Yield Improvement System for Die Stack Flux Removal

The present application claims priority to U.S. Application No. 63/698,250, filed Sep. 24, 2024, which is hereby incorporated by reference in its entirety. The present application is also related to U.S. Pat. No. 11,756,805 B2 (Apparatus and Method for Die Stack Flux Removal), which is also hereby incorporated by reference in its entirety.

The present disclosure generally relates to an apparatus and method for removal of flux and flux residues. More specifically, the present disclosure relates to an apparatus and method for enhancing yield and throughput for processes that remove flux and flux residues from a device bonded to other devices or substrates via connections that include bumps and micro bumps.
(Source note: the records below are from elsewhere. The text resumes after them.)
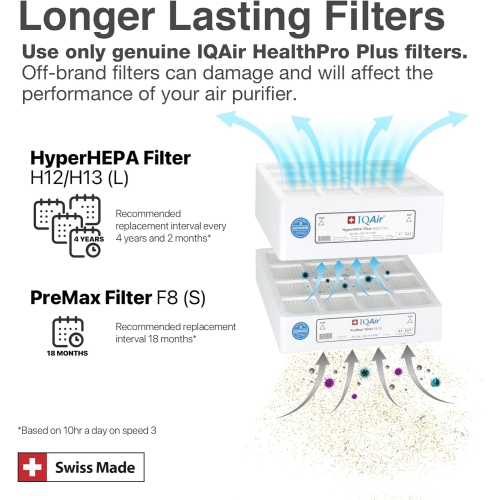 Features the same advanced HyperHEPA filter technologies as the HealthPro Plus, but in a smaller housing. It Does not include the V5-Cell gas and odor filter and cannot be upgraded to fit the V-5 Cell. Do not be mistaken by its smaller size, this unit has the ability to cover an area as large as 1240 sq. ft. and are built to the same standards and performance requirements as the larger models. At the heart of this revolutionary system is the exclusive IQAir HyperHEPA Filtration technology. A dense network of nanofibers effectively traps particles of all sizes. That includes viruses, pet dander, dust mites, other allergens and even cigarette smoke. While ordinary air cleaners are only tested for the largest 10% of particles, IQAir’s HyperHEPA filtration is tested and certified to filter 99.5% of all particles down to 0.003 microns. These are the smallest particles that exist.
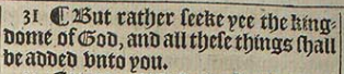 31 ¶ But rather seeke yee the kingdome of God, and all these things shall be added vnto you.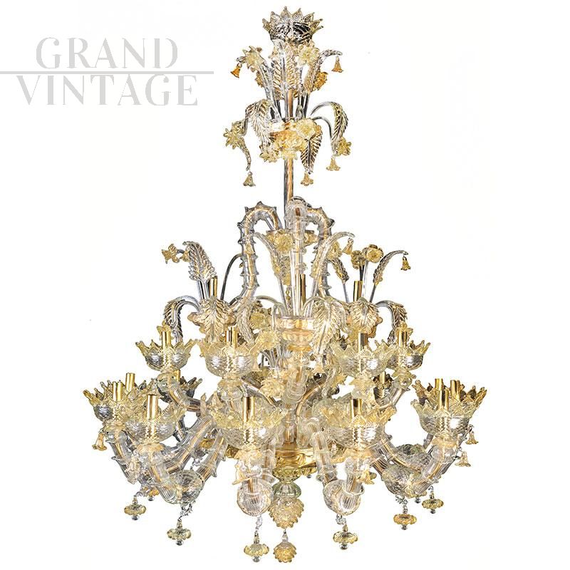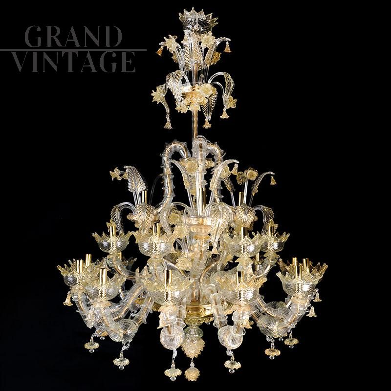 Lampadario in vetro di Murano, stile Rezzonico, della prima metà del XX secolo (anni '30-'40), soffiato e lavorato a mano con tecnica antica. Su ogni braccio in metallo dorato sono infilati, pezzo per pezzo, i vetri detti “bossole” realizzati a “rigadin” (striature longitudinali o spiroidali) che compongono il lampadario. Si distingue per la pregiata decorazione in Cristallo Oro e i preziosi dettagli di fiori e foglie rifiniti a mano dai maestri vetrai Muranesi. Il lampadario in oggetto, completamente restaurato e ricablato, presenta un sistema composto di 21 luci organizzate su tre ordini (12 inferiori, 6 centrali e 3 superiori) idonee a contenere lampadine con attacco E14 (non incluse).

In recent years, 3D packaging designs were developed for high bandwidth memory (HBM) die stacks. These die stacks consist of multiple dies bonded together in a vertical fashion. Electrical connections are formed through the utilizing through silicon vias (TSV) and from die to die with microbumps. The industry standard is stacking 8-12 die high with future targets of 16 or more die. Other packaging designs were developed for attaching these HBM stacked die in proximity to logic and other HBM die on a substrate. These designs included bonding a memory stack on top of a logic die and another design locating logic and die stacks in proximity on the same plane. These variations had versions that included and excluded interposers. The interposer tradeoff was performance versus reduced form factor for mobile devices. Interposers include an additional layer, which adds thickness, and makes it too thick for a mobile device at the moment. The use of an interposer is typically utilized in such applications as high-performance computing and artificial intelligence. These packaging techniques connected memory/logic die, interposer and substrate through the use of solder bumps\micro bumps of varying size and spacing. Post bonding, the bumps required a flux and flux residue clean to remove any residual material that if left in place would reduce performance and yield. Advancements in semiconductor wet processes and single wafer wet process tool design enabled chip manufacturers to obtain high yield on the mass production of 3D packaging to market these new devices for AI, datacenters and high-performance mobile devices. U.S. Pat. No. 11,756,805 B2 (Apparatus and Method for Die Stack Flux Removal) is an example of such innovation. Process development in many cases came by extending process times and while increasing yield, decreased throughput. Demand has skyrocketed for the new high-performance devices. At the same time, 3D design continues to evolve. HBM stacks are increasing in height from 8-12 stacked die to stacks of 16 die or more. The evolution in heterogenous packaging to combine memory and logic is also adding additional capability through vertical methods by adding layers and additional components to the design.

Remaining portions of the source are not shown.